Principal Investigators: Paola Ulivi, Chiara Molinari, Luca Saragoni, Paolo Morgagni
BACKGROUND AND RATIONALE
An ‘‘early gastric cancer’’ (EGC) is defined as carcinoma limited to gastric mucosa and or submucosa regardless of lymph node status, even if some disputes are present. Numerous studies have focused on key parameters that could be associated with the risk of lymph node metastases or treatment failure in EGC (Murakami T, 1971; Japanese Research Society, 1981; Abe S et al., 1995; Sano T et al., 1992). In our area, which has a high incidence of gastric cancer, EGC represents about 25 % of all gastric cancers treated surgically (Sano T et al., 1993). They are divided into superficial and penetrating tumors (PEN A e PEN B). According to Kodama’s classification, PEN are lesions with a diameter of less than 4 cm that invades the submucosa in a widely penetrating fashion. In particular, PEN B are penetrating “saw teeth” with a better prognosis similar to superficial tumors. On the other hand, PEN A type EGC represents a subgroup of tumors that invades the submucosa extensively, with nodular masses and frequent lymph nodes involvement. A previous experience on 530 patients affected by EGC has demonstrated that there is a significant worse survival probability in node-positive and PEN A patients (Folli S et al., 1995; Saragoni L et al., 1998; Saragoni L et al., 2000). According to these results, subgroups of patients with different prognosis have been identified. The molecular characteristics of the different EGC subgroups are not yet known. A different sialyl Lewisx antigen expression, involved in tumor metastasis and regulated by fucosyltransferases genes, has been shown to be present in PEN A and PEN B tumors (Nakagoe T et al., 2002). Moreover, a recent paper has showed that EGFR overexpression, together with female gender, tumor size and lymphovascular invasion, were predictive risk factor for lymph node metastasis in EGC (Jin EH et al., 2015). Other parameters could be implicated in the different prognosis of the different EGC subtypes. It has been shown that gastric immunophenotype of epithelial dysplasia is associated with a more biological aggressiveness (Valente P et al., 2015). This parameter has never been tested in EGC, according to the different Kodama’s subtypes. Finally, even if a TCGA study gave a complete characterization of gastric tumors, no studies are present in the literature regarding EGC (Cancer Genome Atlas network, 2014; Cui J et al., 2015).
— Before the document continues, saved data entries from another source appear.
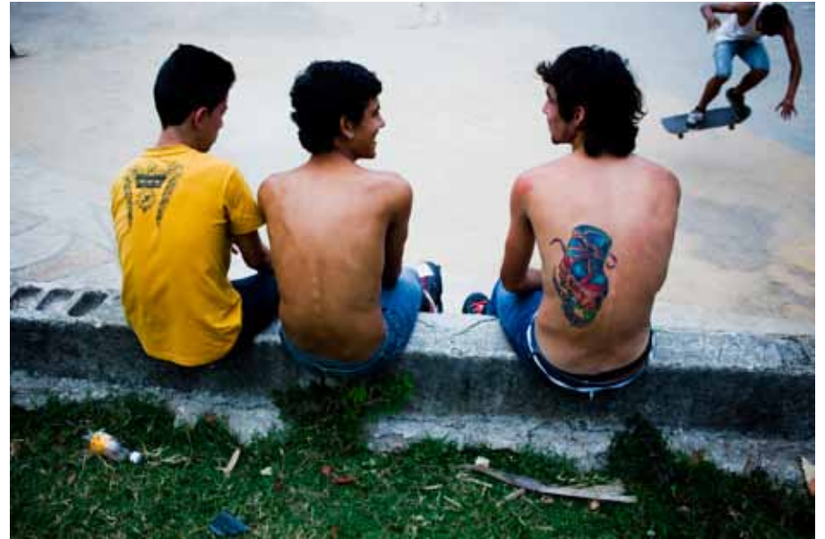
The only skate park in Cuba, the young come to train after work or on weekends.
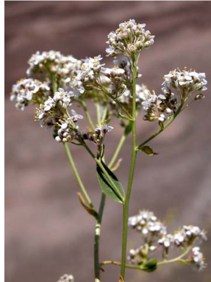
Slender Peren. Peppergrass Lepidium latifolium Introduced Perennial Mustard Family
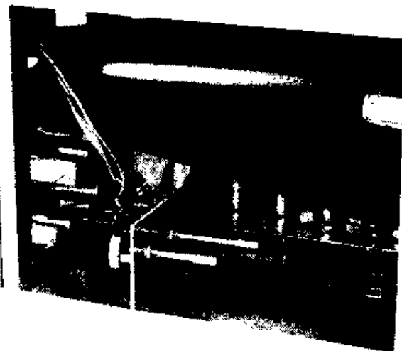
Also pictured is a side view of one of the Williams Tube modules.
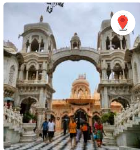
ISKON Temple, Vrindavan
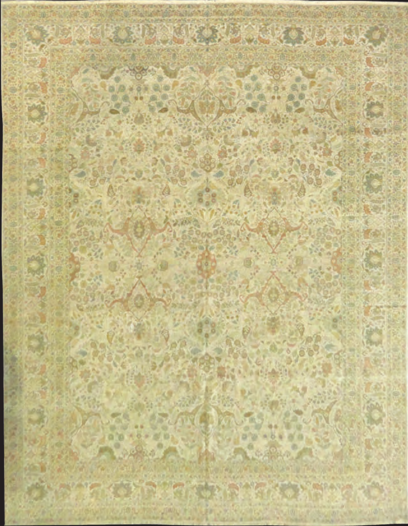
Pakistani Hadji Jalili Wool Size: 16' x 12'
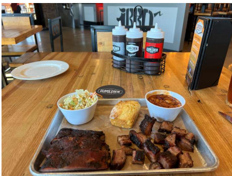
Ribs and Burnt Ends

I arrived as they opened at 11:00 am. I ordered the ribs and burnt end plate. It was amazing! Good choice, Mark!
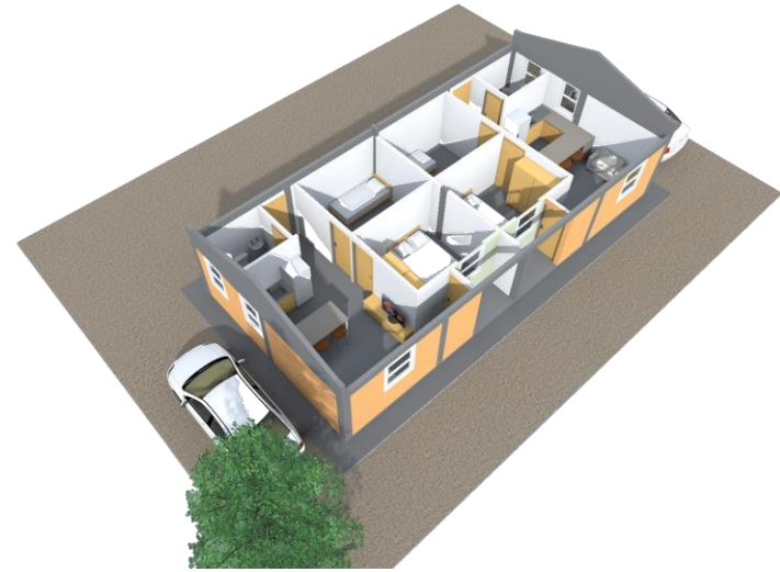
3D VIEW OF INTERIOR
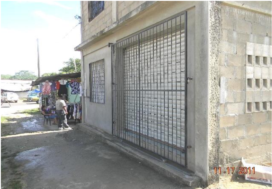
The Burglar Barred Candy Store - Normally Closed On Week Days - Opens On Saturdays

thousand three hundred and fifty dollars. With the loot and merchandise in hand the two robbers ran out of the store, boarded a small red taxi cab which sped off, passing in front of the police station, over the Hawksworth bridge, into Santa Elena and down the Western Highway. Armed with the identity of the driver and the D00217 license plate number of the car, police was on their way to the Red Creek residence of the driver but before reaching, they intercepted the car near Three Flags Supermarket in Santa Elena as it was heading back into town. The police took possession of the car, ordered the driver out and into the front passenger seat and drove it under escort to the station in San Ignacio.
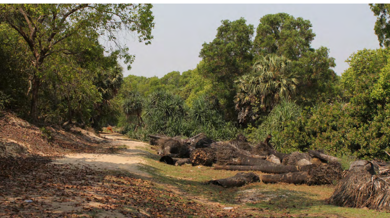
Sand dune vegetation along the Buckingham Canal. Proposed route for coal conveyor belt.

The proposed site has many seasonal and semi-permanent pools, ponds, backwaters and irrigation tanks. These are home to a wide variety of aquatic species. Coastal wetlands are crucial habitat for several plant species belonging to Scrophulariaceae, Commelinaceae, Cyperaceae and Poaceae families. A wild relative of rice - Leersia hexandra - was recorded during our research. These wetlands are also important habitat for birds and other animal lives.
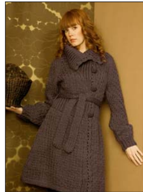
8403-11 Coat, one size Hubro C1 2671 1700 gr
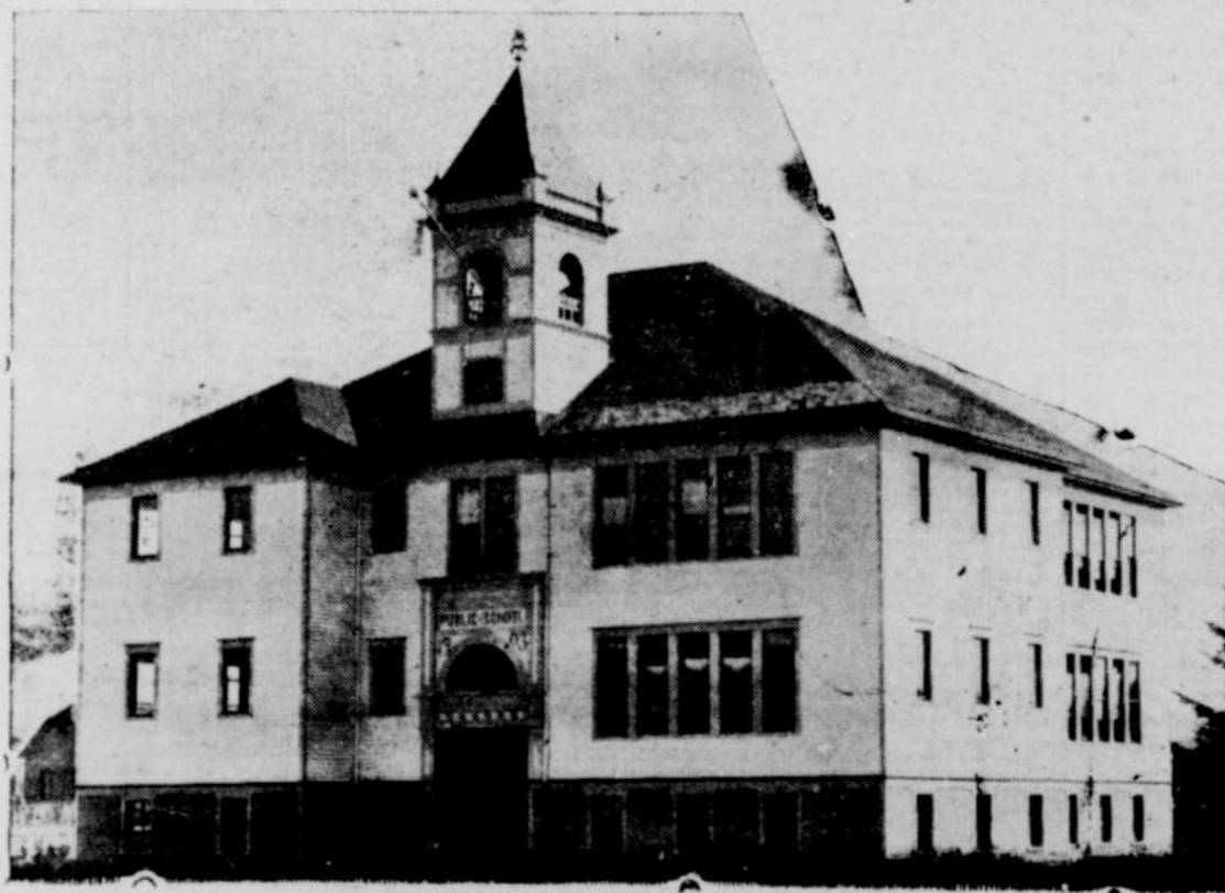
TILLAMOOK CITY PUBLIC AND HIGH SCHOOL.

Tillamook County affords splendid enjoyment during the whole season for camping parties. Hundreds of wagons, loaded with campers and camping outfits, visit Tillamook every year. They spend part of the time camping in the mountains hunting and fishing and then go to the beach and rusticate, bathing, clam digging and berry picking.

Primary aim: to perform an immunohistochemical and molecular characterization of a case series of PEN A with respect to PEN B tumors
Secondary aim: to perform an immunohistochemical and molecular characterization of a case series of PEN A tumors with respect to a series of T3N0 gastric cancer.
STUDY DESIGN AND METHODS
A retrospective case series of patients with EGC PEN A (n=50), PEN B (n=50) and T3N0 gastric cancer (n=50) will be considered for this study. For each patient a follow up of at least 5-years will be available.
The following determinations will be performed for each case:
In situ determinations: the expression of CD10, MUC-2, CDX2, MUC-6, MUC-5AC, MLH1, E-cadherin, p53, EGFR and Epstein-Barr virus will be analysed by IHC and ISH for phenotypical and molecular subtypes characterization,.
Molecular determinations: Copy number alterations analysis of genes suggested to be of diagnostic and/or clinical relevance in gastric cancer (PIK3CA, EGFR, CDK6, MET, GATA4, FGFR1, MYC, PTP4A3, FGFR2, CCND1, KRAS, KLF5, ERBB2, TOP2A, GATA6 and CCNE1) will be performed by MLPA (P458-B1 probemix kit). P53 gene mutation and MSI will be also analyzed.
The expression of 84 key genes involved in glycosylation will be evaluated by RT2 Profiler PCR Array.
A case series composed of 20 PEN A, 20 PEN B and 20 T3N0 gastric cancer have been previously analyzed in our laboratory. FFPE tissue samples were recovered. CD10, MUC-2, CDX2, MUC-6, MUC-5AC, as well as EGFR and HER2 expression and MSI analysis were performed and data evaluations are ongoing. KRAS , NRAS, BRAF, PIK3CA gene mutations were also performed, and no mutations were found in any EGC.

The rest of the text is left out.